The project extracts the data from Twitter and NEWS API to perform the semantic and sentiment analysis. It performs the sentiment analysis on Twitter data at Twitter/cleaned_twitter_data and semantic analysis on NEWS data at News/News Articles. The Twitter data was extracted with the help of Tweepy. The NEWS API was extracted using NEWS API. This project was developed towards the fulfillment of the course CSCI 5408 - Data Management, Warehousing and Analytics. The Report.pdf contains the summary of the project.
The Twitter folder contains scripts like cleaning_twitter_data.py, twitter_data.py, etc., which helps to extract data using the API and pre-process it. For the pre-processing, it removes any metadata, URLs, and special characters. The polarity_twitter_data.py counts the number of positive and negative words in order to find the polarity of the tweets. It performs it by converting the tweets into bag-of-words and comparing them with the list of positive and negative words. The below figure shows the visualization of word-cloud for positive and negative words occuring in the tweets using Tableau.

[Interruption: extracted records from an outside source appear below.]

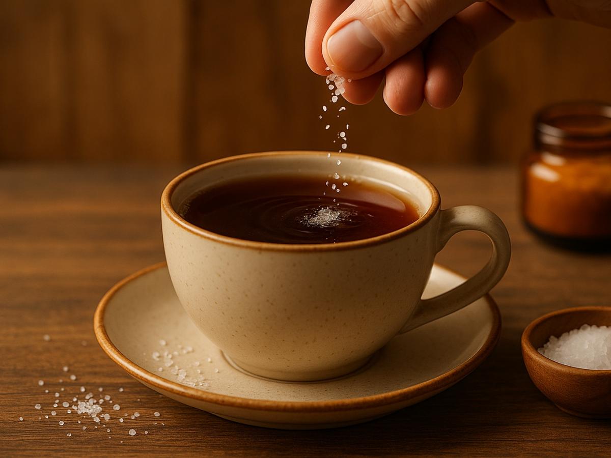 Терпкость крепкого чая связана с высоким содержанием танинов. Несколько кристалликов соли вступают с ними во взаимодействие и приглушают горечь. В результате напиток становится насыщенным, но без излишней вяжущей нотки. Такой приём работает не только с чёрным чаем, но и с некоторыми зелёными сортами — особенно с теми, у которых выражен травяной или морской профиль.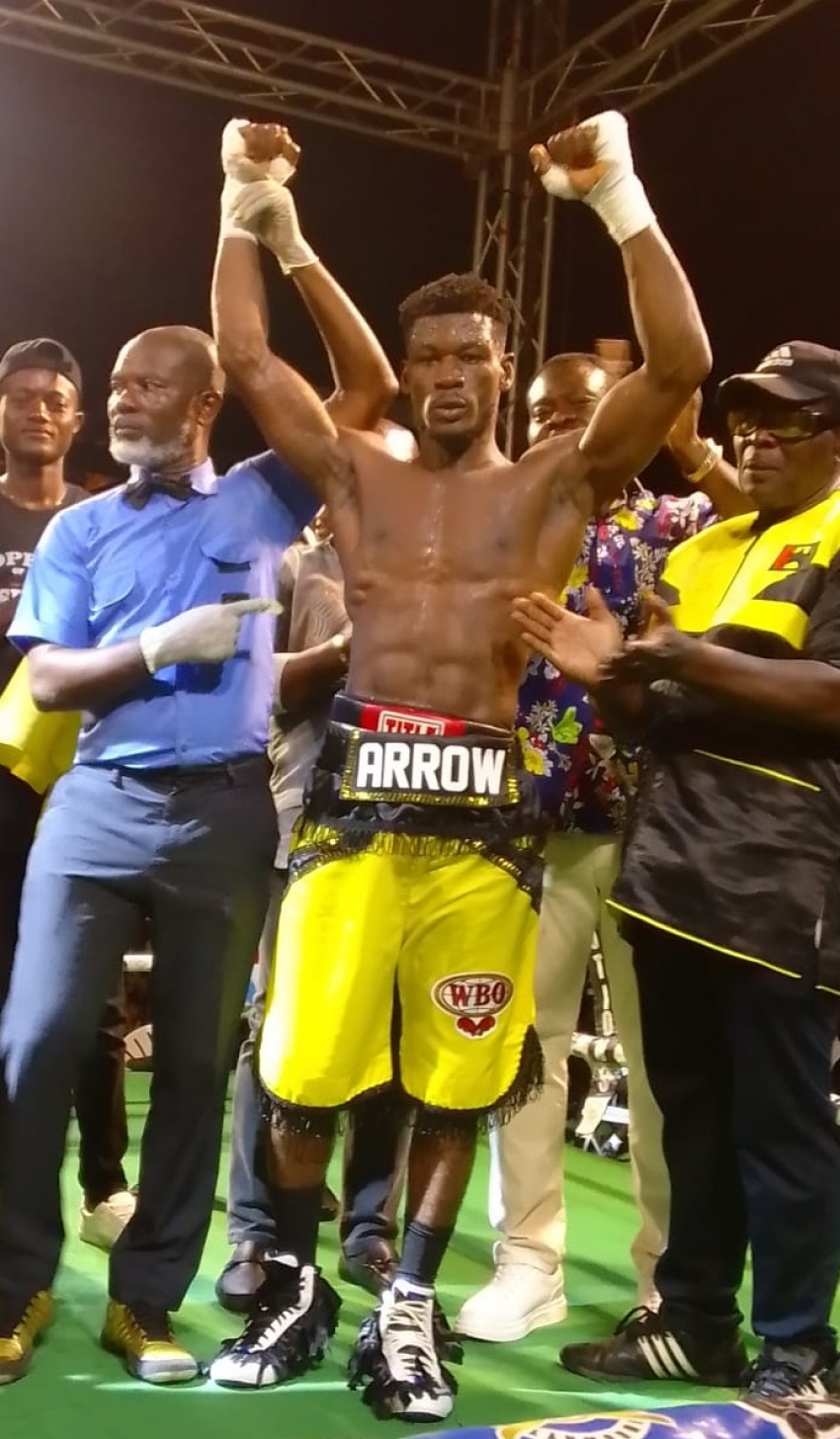 The Idrowhyt Events Centre was the venue and other bouts on the night had Emmanuel Quaye handing veteran Frank Dodzie a round 2 TKO, retaining his national title and annexing the WABU super welterweight version to add.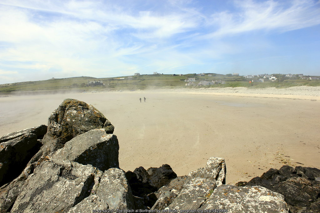 Rhoscolyn Beach, or Traeth Borth Wen, is a south-facing curving sandy beach. At high tide, it is mainly shingle. The beach is backed by marram grass-covered dunes with wooden boardwalks.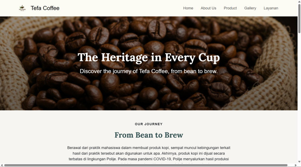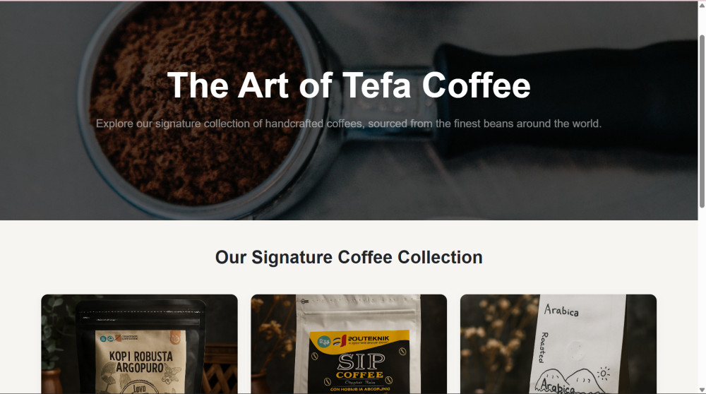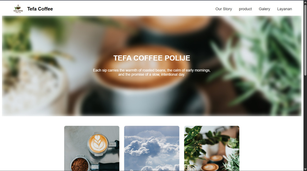 Website Tefa Coffee Polije dibuat sebagai media informasi dan branding untuk memperkenalkan produk kopi hasil Teaching Factory Politeknik Negeri Jember. Website ini dirancang dengan tampilan modern, sederhana, dan mudah digunakan, sehingga pengunjung dapat memahami tujuan, identitas, dan kualitas produk kopi yang ditawarkan.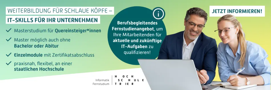 In diesem Sinn möchten wir Sie auf das Fernstudium Informatik als passgenaue, berufsbegleitende Weiterbildungsmöglichkeit für Ihre IT-Mitarbeiter*innen aufmerksam machen.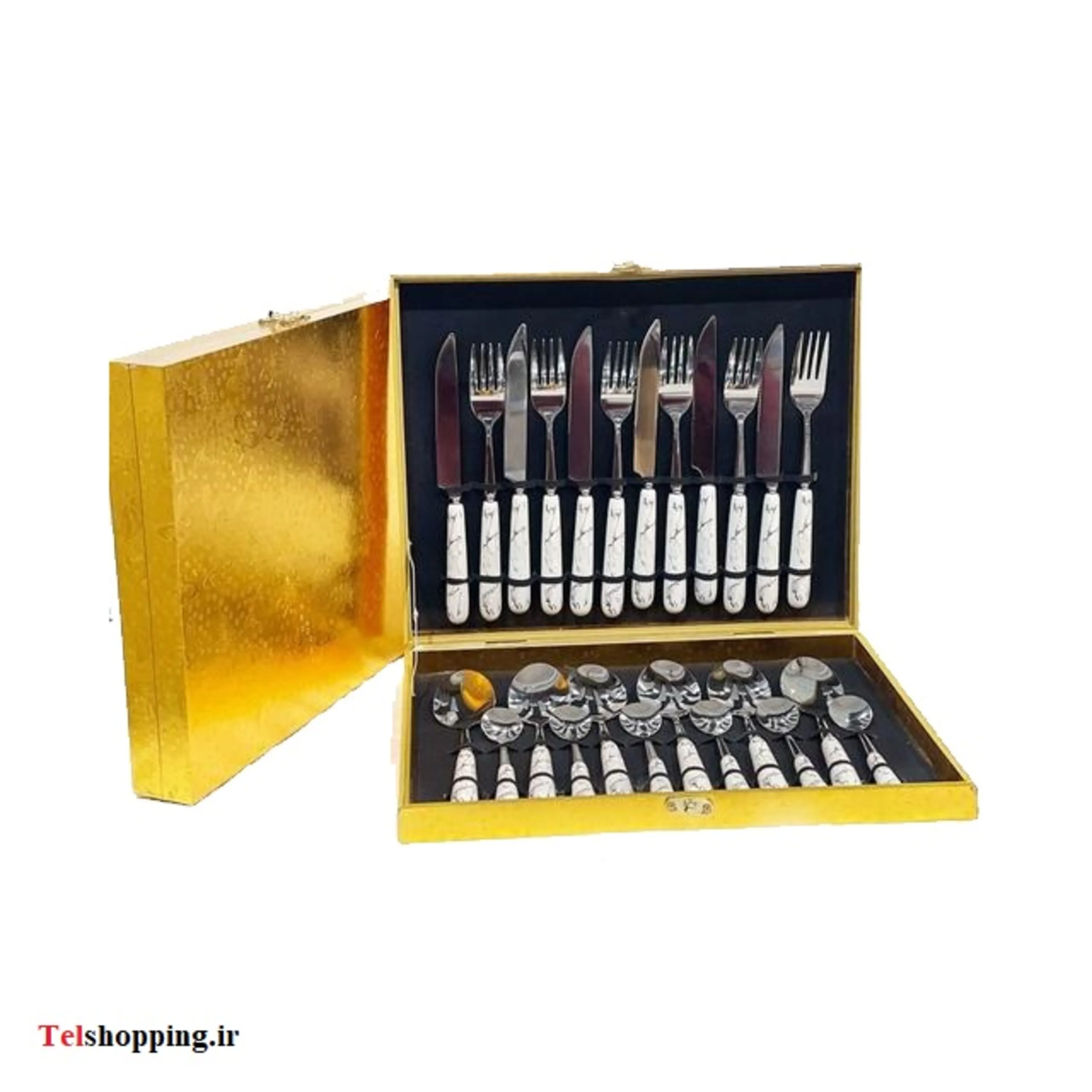 سرویس 24 پارچ قاشق چنگال چاقو دسته سرامیکی ماربل.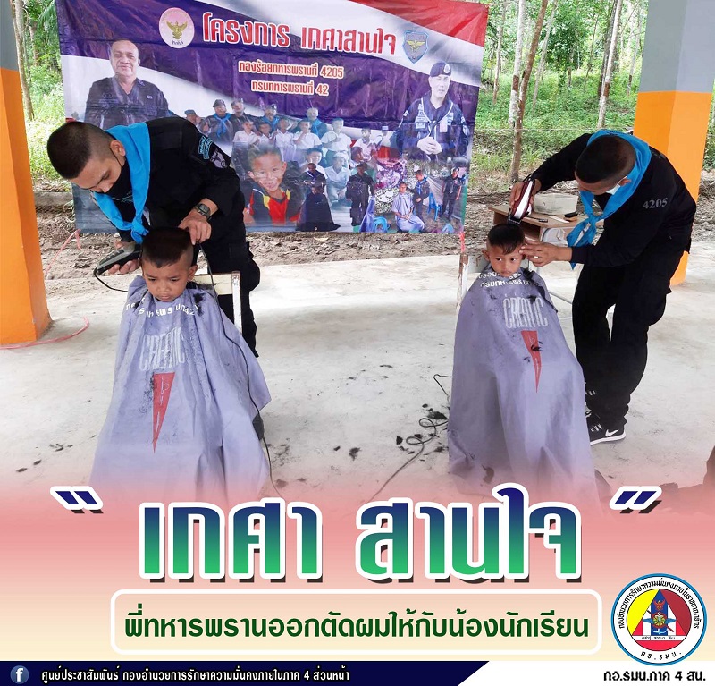 นอกจากนี้ หน่วยเฉพาะกิจกรมทหารพรานที่ 42 ยังได้นำช่างตัดผมของหน่วย ออกให้บริการตัดผมเคลื่อนที่ให้กับเด็กนักเรียน “ตามโครงการเกศาสานใจ ต้านภัยโควิด” เพื่อเป็นการลดค่าใช้จ่ายให้กับผู้ปกครอง ซึ่งสร้างความสุข และสร้างรอยยิ้มให้กับคณะครู และนักเรียน ตลอดจนยังเป็นการพัฒนาเสริมสร้างความสัมพันธ์อันดี สร้างภาพลักษณ์ที่ดีของหน่วยอีกด้วย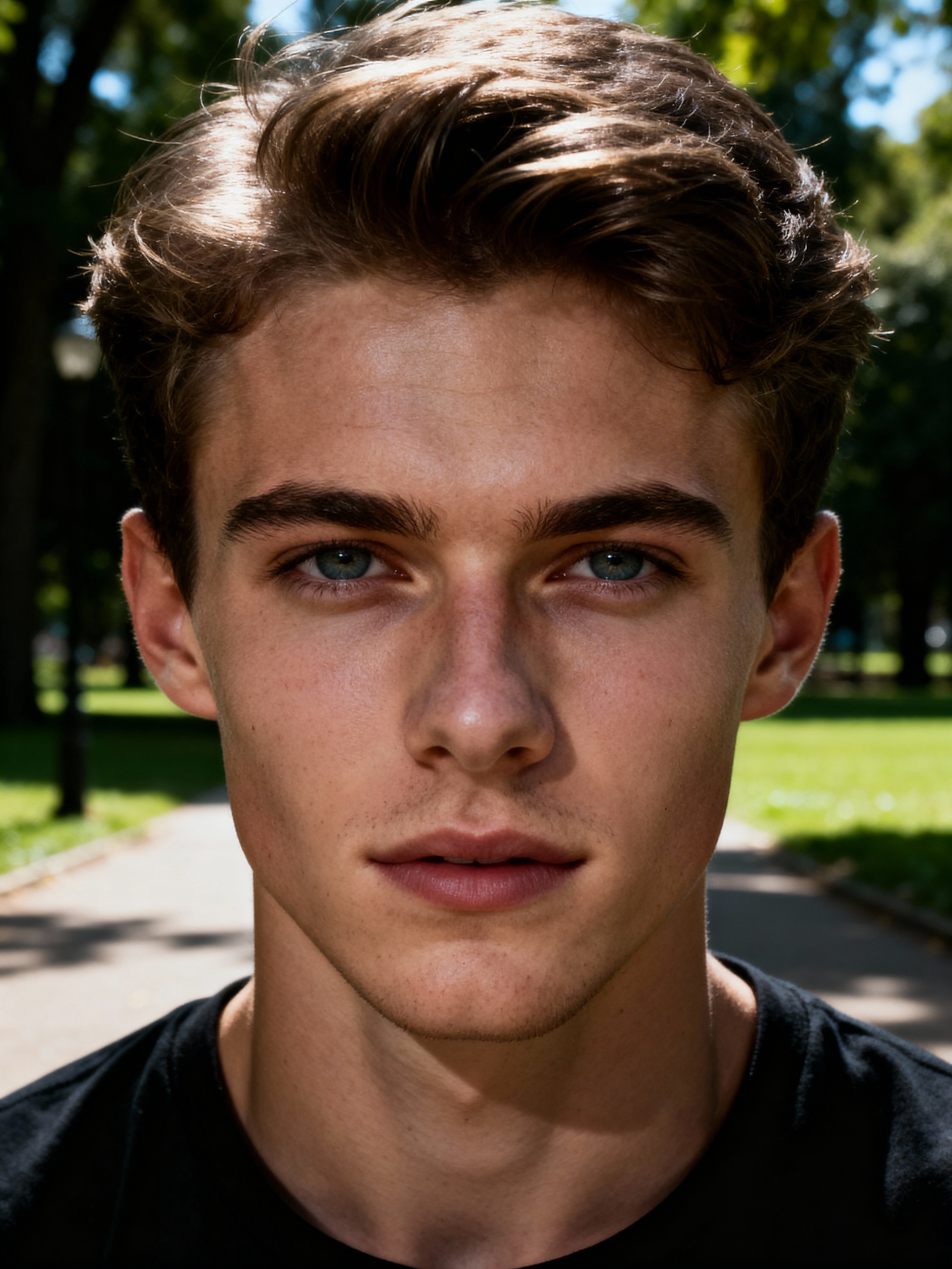 down-to-earth masculine model hanging out in a quiet park, enjoying nature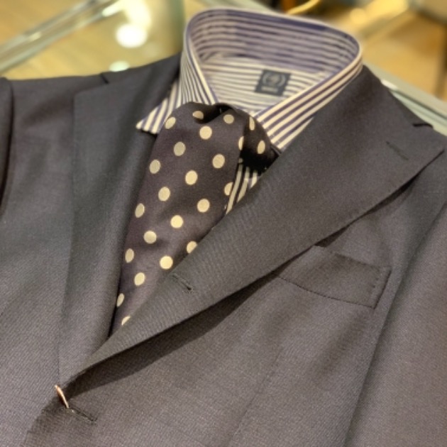 ソリッドでありながらも主張の強いスーツですので、Vゾーンはストライプシャツにドットタイでいかがでしょう。チーフはリネンの白ですね。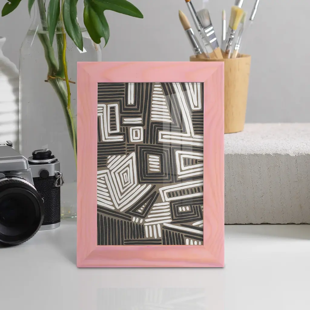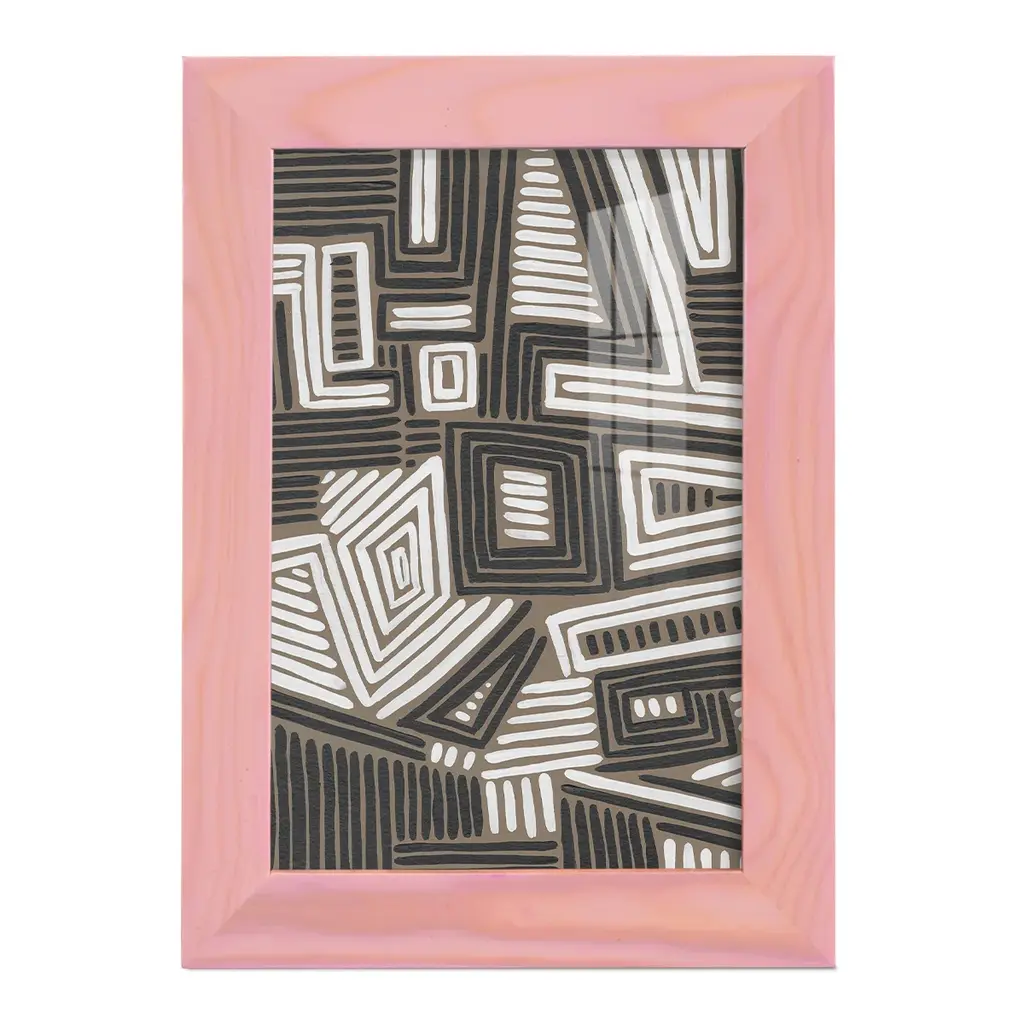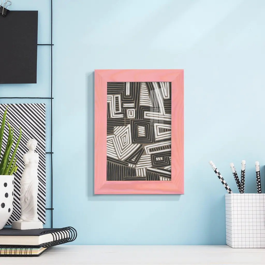 Abstract Maze II -EZ SWITCH Framed Print w/glass-Cherry Red A delightful, framed print. Featuring a solid wood frame with real wood glass. This premium print is giclee quality. In addition, every frame features a removable back and table top stand. This allows you to change your art in the future or to just stand the art on a table for a new look. We are sure you'll enjoy our new series of EZ SWITCH Framed Art. Solid Wood Frame Real Glass Removable / Replaceable Art Built in Tabletop Stand Sizes range from 4x6 up to 12x15 - buy just one or pair them up as sets as you see fit.

The News folder contains scripts like cleaning_news_data.py, news_data.py, etc., which helps to extract data using the API and cleans the data by removing any URLs. The Semantic_Analysis.py converts news data from cleaned_news_data.csv and stores into different files at News/News Articles. Then, it finds TF-IDF and number of occurrences of word Canada in documents. It then counts the total words in a document and calculates relative frequency. The relative_frequency.csv contains the information about frequency and relative frequency of word Canada in every documents it occurs. At last, the script prints the article which has the highest relative frequency as shown in below figure.